#### EXERCISE:
When you reach the line containing "ST-78. Stainless steel", start transcribing exactly and continue through the last line of the data, skipping every picture.

#### COLLECTED MATERIAL:
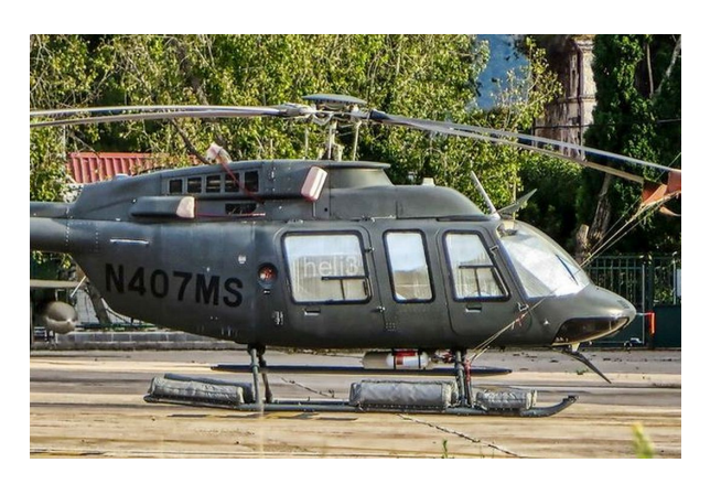
Bell 407 Cockpit & Cabin HeatShields
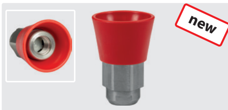
ST-78. Stainless steel

Disinfection, humidification, cooling, dust suppression, decontamination, odor control in agricultural, food and construction industry, defence and firefighting technology, car washing and detailing
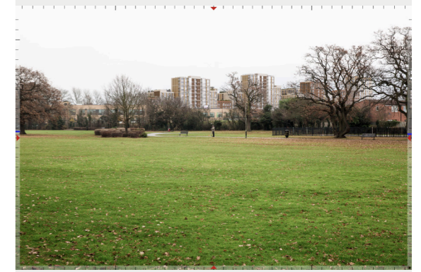
Woodcroft Park | West Corner | Winter - Proposed+consents 3508_1206 version 190321

#### WRITTEN RESPONSE:
ST-78. Stainless steel

Disinfection, humidification, cooling, dust suppression, decontamination, odor control in agricultural, food and construction industry, defence and firefighting technology, car washing and detailing
Woodcroft Park | West Corner | Winter - Proposed+consents 3508_1206 version 190321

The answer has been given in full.